RE:  Growing Arab Support For Israel
⁜→  Ropey, Coyote, P F Tinmore, Sunni Man, _et al_:

*BLUF*: The entire object is to bring peace and cooperation among all the involved nations. Who is against a peaceful outcome? Who is against the Israelis and the Muslim World coming closer together?



Ropey said:


> This is bound to piss Coyote, P F Tinmore and Sunni Man off...


*(COMMENT)*

The reason and importance of normalizing diplomatic relations is because peace tends to extend and ensure free trade _(wealth)_, and a civil peace_ (less discontent)_, and promoting freedom and rights.

We have to be careful that rejections are not based on the insignificant, greed, and the quest for influence and power.




Most Respectfully,
R


----------



## Ropey (Sep 16, 2020)

RoccoR said:


> RE:  Growing Arab Support For Israel
> ⁜→  Ropey, Coyote, P F Tinmore, Sunni Man, _et al_:
> 
> *BLUF*: The entire object is to bring peace and cooperation among all the involved nations. Who is against a peaceful outcome? Who is against the Israelis and the Muslim World coming closer together?
> ...



Coming in the back door didn't hurt either.


----------



## Sunni Man (Sep 16, 2020)

GHook20 said:


> *Next up is Oman and Sudan. Shortly after you will see Morocco, Qatar, Djibouti and Senegal.
> After Trump wins you will see Saudi Arabia, Indonesia, Azerbaijan, Bosnia and Albania.*


Maybe in a few years you might see one or two on your list make a deal with the devil incarnate Israel.
But you're dreaming if you think Saudi Arabia or Indonesia will ever turn on the Ummah (brotherhood of muslims) and embrace the terrorist state of Israel as a close friend.  ...


----------



## Ropey (Sep 16, 2020)

^This is why coming in the back door was such a fine strategic plan.


----------



## Linkiloo (Sep 17, 2020)

Sunni Man said:


> GHook20 said:
> 
> 
> > *Next up is Oman and Sudan. Shortly after you will see Morocco, Qatar, Djibouti and Senegal.
> ...


And yet the Emirates is a proxy for Saudi and has obviously encouraged this deal. I thank Obama. If he hadn't entered into the disasterous Iranian deal, the Saudis wouldn't be cuddling with the Jewish state.

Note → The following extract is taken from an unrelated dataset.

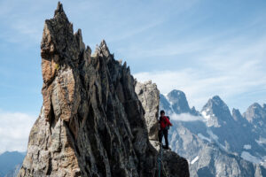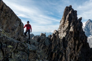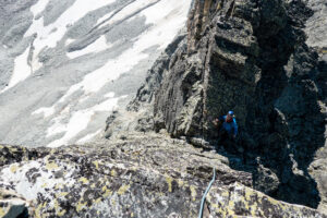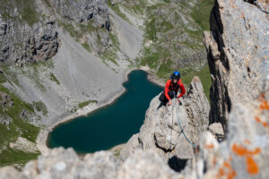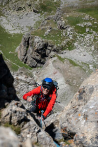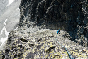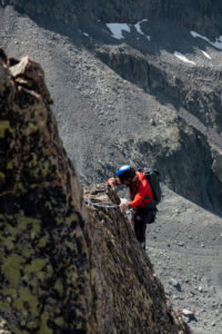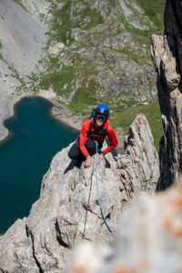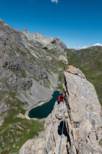 Dopo i primi due tiri siamo sul filo di cresta, dove resteremo fino in cima. La progressione è varia e divertente: tratti di conserva lunga si alternano a tiretti e a qualche calata. C’è un po’ di tutto: esposizione, passi atletici, sezioni più appoggiate dove la gestione della corda e del proprio compagno sono indispensabili per una progressione veloce e sicura.

LOL. Thanks Buddy!


----------



## Linkiloo (Sep 17, 2020)

Response by Trump haters to the deal (aid with pouty lips):
1. They were already friends so it doesn't count
2. It wasn't Trump's doing
3. What if the Palestinians riot over it (because they haven't been doing so for 70 years!).
4. * Spluttering sounds only*


----------



## RoccoR (Sep 17, 2020)

RE:  Growing Arab Support For Israel
⁜→   Sunni Man, _GHook20, et al_:

*BLUF:*  It is to the advantage of those that support terrorism _(__alla__ the Middle Test and Islamic Promotion)_ that the meaning and usage of "Terrorism" remains a question in itself.  In the struggle against terrorism, as long as it remains undefined, then it can be a double-edged sword.  Both the Israelis and the Arab Palestinians paint the other as criminals.


			
				Convention for the Prevention and Punishment of Terrorism said:
			
		

> SOURCE: * LoN Convention (1938)*



​

			
				Convention for the Prevention and Punishment of Terrorism said:
			
		

> SOURCE: * LoN Convention (1938)*





Sunni Man said:


> GHook20 said:
> 
> 
> > *Next up is Oman and Sudan. Shortly after you will see Morocco, Qatar, Djibouti and Senegal.
> ...


*(COMMENT)*

For the most part, the use of *the 19 universal legal instruments* and additional amendments dealing with terrorism, constitute what is valid as Prohibitions of Specific Act referred to as terrorism in the 21st Century _(at the international level)_.  However, there are other Domestic and International Conventions, Laws, Protocols, Prohibitions, and Statues that can be used that are not reliant on a specific definition.  The term "terrorism" has become an intellectual discussion on the fundamental nature of knowledge, reality, and existence "terrorism."  The 1938 Convention is not relegated to providing an initial starting point for what constitutes the pursuit of terrorism.  It is the "act(s)" that are important.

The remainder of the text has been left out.